Work order: None of the images should appear in your copy. Transcribe the data in full.

*** Data provided ***

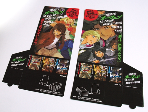 魔術士オーフェン新装版の販促POPです。こちらは書店の平台に立てて使えるPOPです。
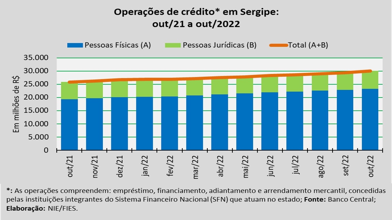 Análise realizada pelo Núcleo de Informações Econômicas da Federação das Indústrias do Estado de Sergipe (FIES), com base nos dados do Banco Central, revelou que o saldo total das operações de crédito em Sergipe, em outubro do ano corrente, somou R$ 30,0 bilhões, registrando o maior valor da série histórica iniciada em 2004.
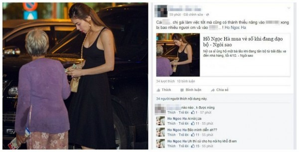 Xuất hiện lộng lẫy trong đêm chung kết Hoa hậu Hoàn vũ Việt Nam 2015, Hồ Ngọc Hà đã thổi bùng cả khán phòng với tiết mục My Destiny sôi động, nóng bỏng. Sau màn trình diễn ấn tượng đó, Hà Hồ đã lái xe đến một khách sạn 5 sao để gặp đối tác. Khi xuống xe, cô nhìn thấy một bà cụ bán vé số nên đã nhanh chóng mua giúp đỡ bà cụ.
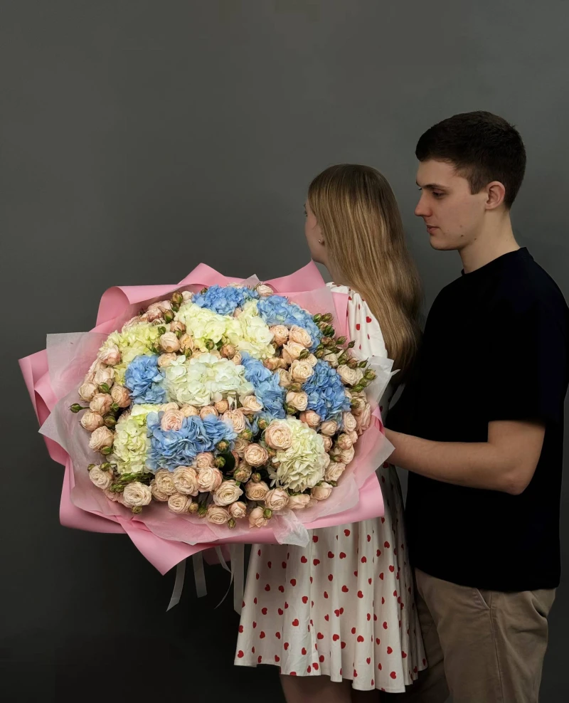 Прекрасный авторский букет из гортензии и кустовых роз Чтобы радовать любимых повод не нужен🥰

*** End of Data provided ***

Result:
 魔術士オーフェン新装版の販促POPです。こちらは書店の平台に立てて使えるPOPです。
 Análise realizada pelo Núcleo de Informações Econômicas da Federação das Indústrias do Estado de Sergipe (FIES), com base nos dados do Banco Central, revelou que o saldo total das operações de crédito em Sergipe, em outubro do ano corrente, somou R$ 30,0 bilhões, registrando o maior valor da série histórica iniciada em 2004.
 Xuất hiện lộng lẫy trong đêm chung kết Hoa hậu Hoàn vũ Việt Nam 2015, Hồ Ngọc Hà đã thổi bùng cả khán phòng với tiết mục My Destiny sôi động, nóng bỏng. Sau màn trình diễn ấn tượng đó, Hà Hồ đã lái xe đến một khách sạn 5 sao để gặp đối tác. Khi xuống xe, cô nhìn thấy một bà cụ bán vé số nên đã nhanh chóng mua giúp đỡ bà cụ.
 Прекрасный авторский букет из гортензии и кустовых роз Чтобы радовать любимых повод не нужен🥰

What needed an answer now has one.